In fact, this weekend figures to enhance the profile of the safety position in both conference championship matchups. Often an overlooked position, the safety spots for all of the final four qualifiers are key, and Polamalu and teammate Chris Hope (97 tackles, three interceptions and seven passes defensed) aren't the only standout tandem.
A look at the safety duets for the other three teams in the conference title round:
• Denver: In his 13th NFL season, the old (35) and dogged John Lynch has learned a new trick, as coordinator Larry Coyer has expanded the seven-time Pro Bowl performer's role in the aggressive blitz scheme the Broncos have used this year. After notching only eight sacks in his first dozen seasons, Lynch, who has become a bit of a liability in coverage the last few seasons, had four sacks in 2005. First-year starter Nick Ferguson, largely a special-teams player much of his career, and with only 12 starts entering the season, had five interceptions and 12 passes defensed. The six-year veteran, who had one interception coming into 2005, also recorded 81 tackles and gave Denver much better range than did Kenoy Kennedy, his hard-hitting but coverage-challenged predecessor.

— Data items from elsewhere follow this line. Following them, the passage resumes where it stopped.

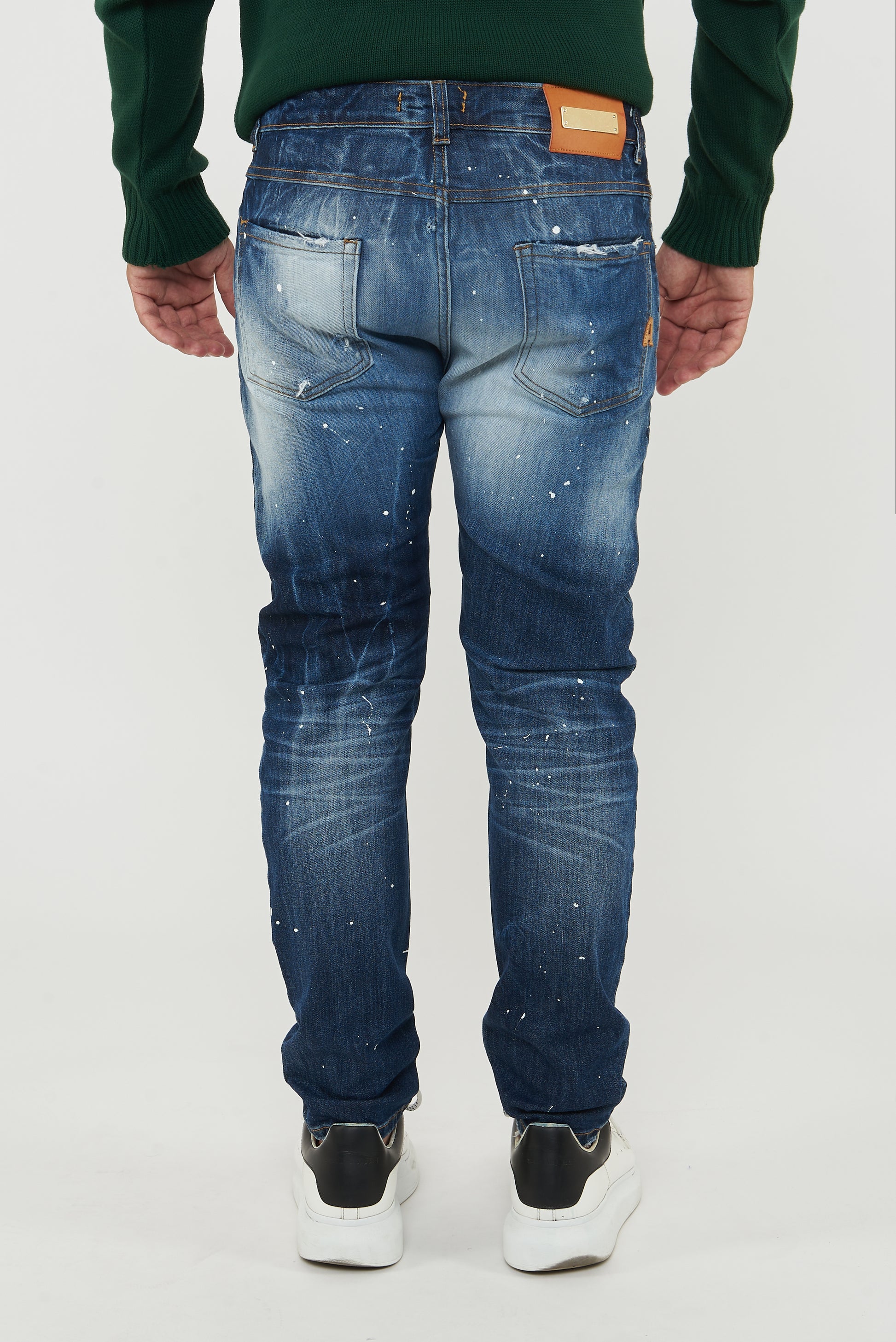 Jeans su tela comfort di colore blu con una vestibilità morbida.Effetto lavaggio con legatura,toppa di jeans sottostante a contrasto , con microrotture e schizzi bianchi.
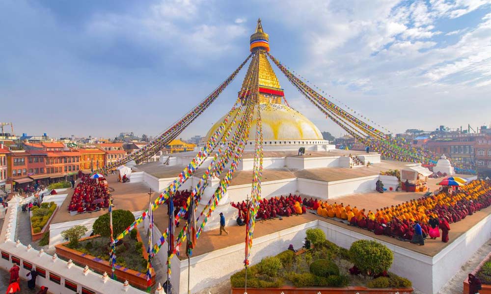 After breakfast, drive to the India–Nepal border and cross into Lumbini (approx. 4–5 hrs with border formalities)
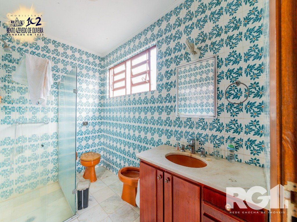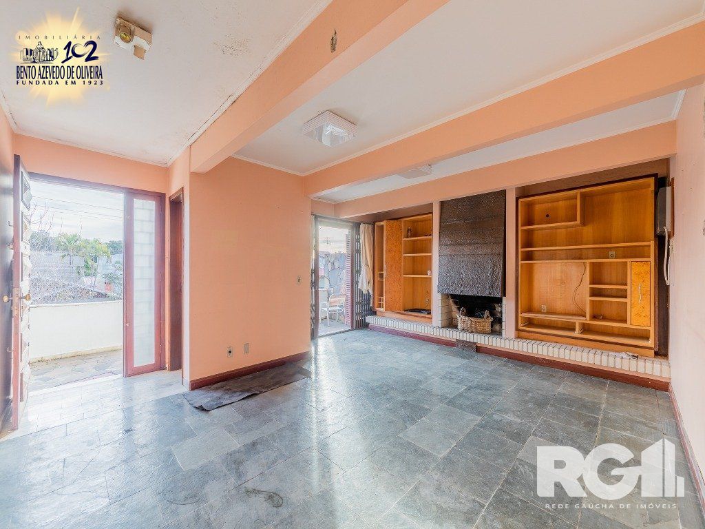 Ao adentrarmos no pavimento superior, conferimos uma residência bem iluminada, com amplo living, uma lareira, lavabo e gabinete. temos a sensação da casa ser de um nível só, porém elevada em relação a rua. Em seguida, temos sala de jantar, jardim de inverno, cozinha, 3 amplos dormitórios e uma suíte.
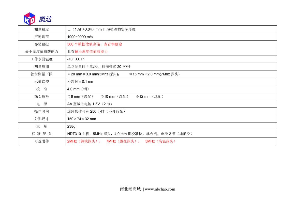 KairDa NDT310 Ultrasonic Thickness Gauge brochure
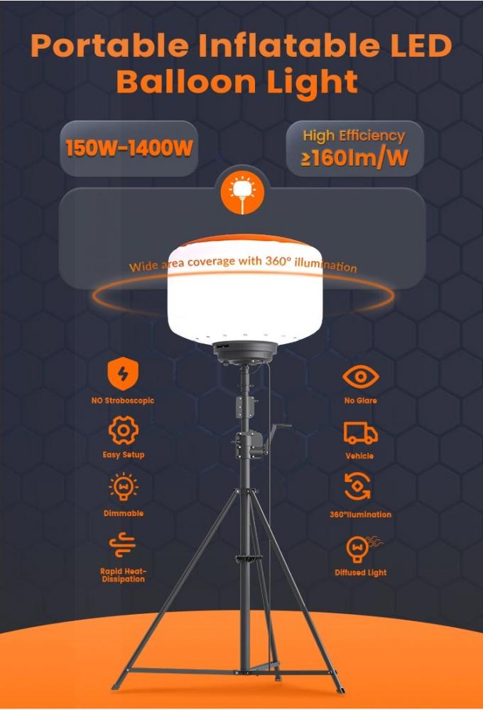 Telescopic Mobile Light Tower 1400W LED Balloon Lamp for Construction Sites
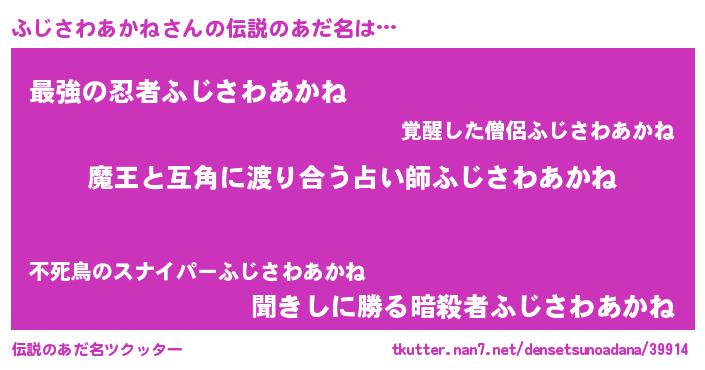 | 意味不明あだ名 | 『眠気覚ましガムふじさわあかね味』 |
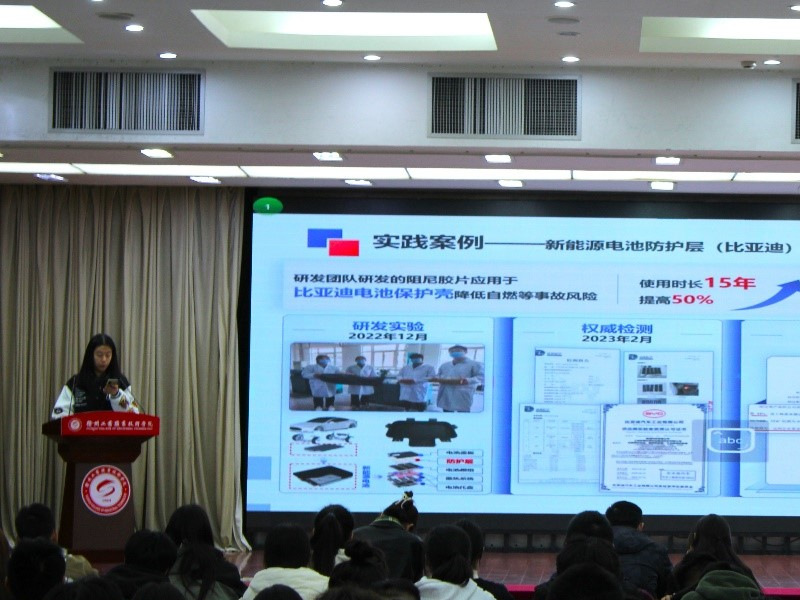 材料工程学院杨梦同学展示了她团队的项目——“车用减震隔音高分子材料领跑者”,该项目曾获2023年江苏省职业院校创新创业大赛获得省二等奖、“挑战杯”全国大学生系列科技学术竞赛二等奖等荣誉。该团队所开发的汽车悬架减震系统关系到车辆行驶的稳定性,乘坐舒适性和安全性,其性能在业界处于领先地位。
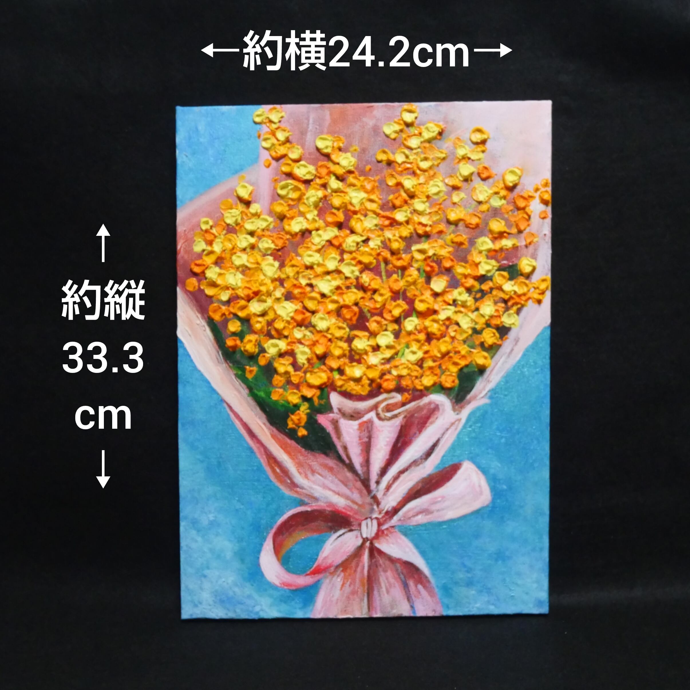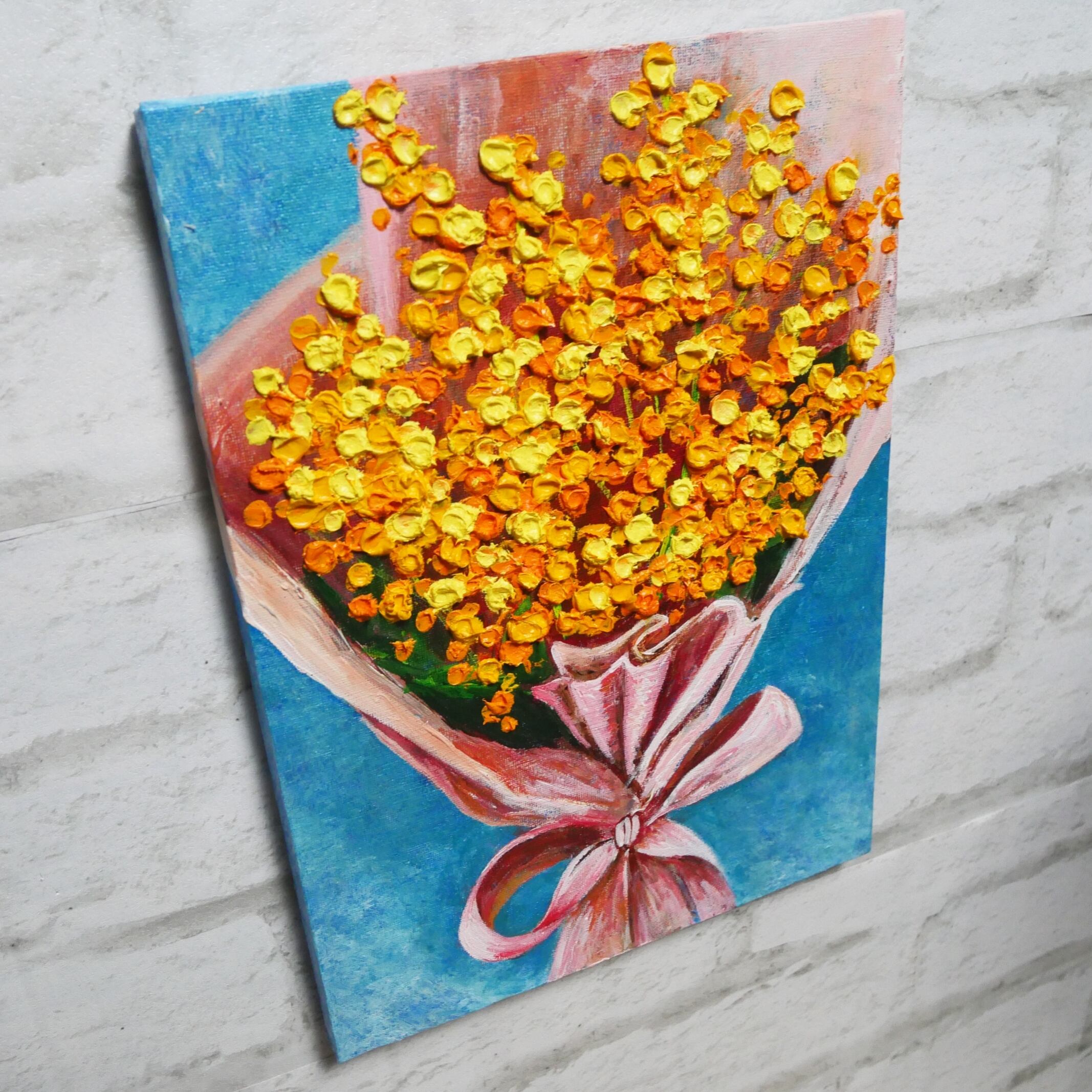 油彩画の美しさが光る、ミモザの花を描いた絵画です。柔らかな色合いが癒しを与え、お部屋を華やかに演出します。手描きによる丁寧な仕上がりで、リアルな花々が生き生きと厚塗りで描きました。。豊かな表現力で、花々の優美な姿を再現しています。
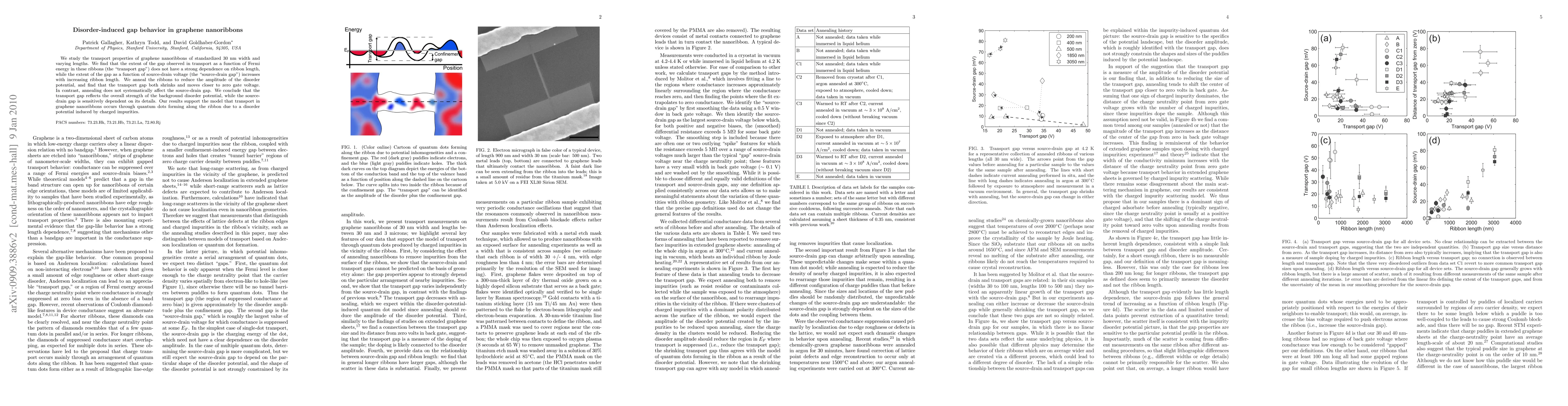 The study reveals that in graphene nanoribbons, the transport gap is relatively unaffected by ribbon length but is sensitive to disorder reduction, whereas the source-drain gap increases with ribbon length and is less influenced by disorder. This suggests that the transport gap is a reflection of overall disorder strength, while the source-drain gap is more detail-sensitive.

• Carolina: For most of his nine-year career, all spent with the Panthers, the underrated Mike Minter has been the leader of the team's secondary. That didn't change in 2005, even though Minter was suddenly surrounded by more talent than at any other point in his tenure. His 12 passes defensed answered back at the critics who suggested Minter had lost a half step and, as usual, he was a force in supporting the run. One of the biggest moves the Carolina staff made was inserting journeyman veteran Marlon McCree into the lineup at strong safety, replacing first-round draft choice Thomas Davis after one game. A five-year veteran, McCree was one of the NFL's biggest free-agent bargains, notching 91 tackles, three interceptions and eight passes defensed while playing for a minimum base salary. His play really pulled together the Carolina secondary.
• Seattle: The loss of hard-hitting Ken Hamlin, who suffered head injuries in an early-season fight outside a Seattle nightspot, certainly took some physical edge away from the Seahawks' interior secondary. But Marquand Manuel, a waiver-wire pickup in 2004, still tallied 71 tackles and played well against the run. Former college linebacker Michael Boulware, who made the switch to safety as a rookie in 2004, demonstrated the same big-play mentality that marked his debut season in the league. Boulware had 73 tackles, two sacks, four interceptions and five passes defensed.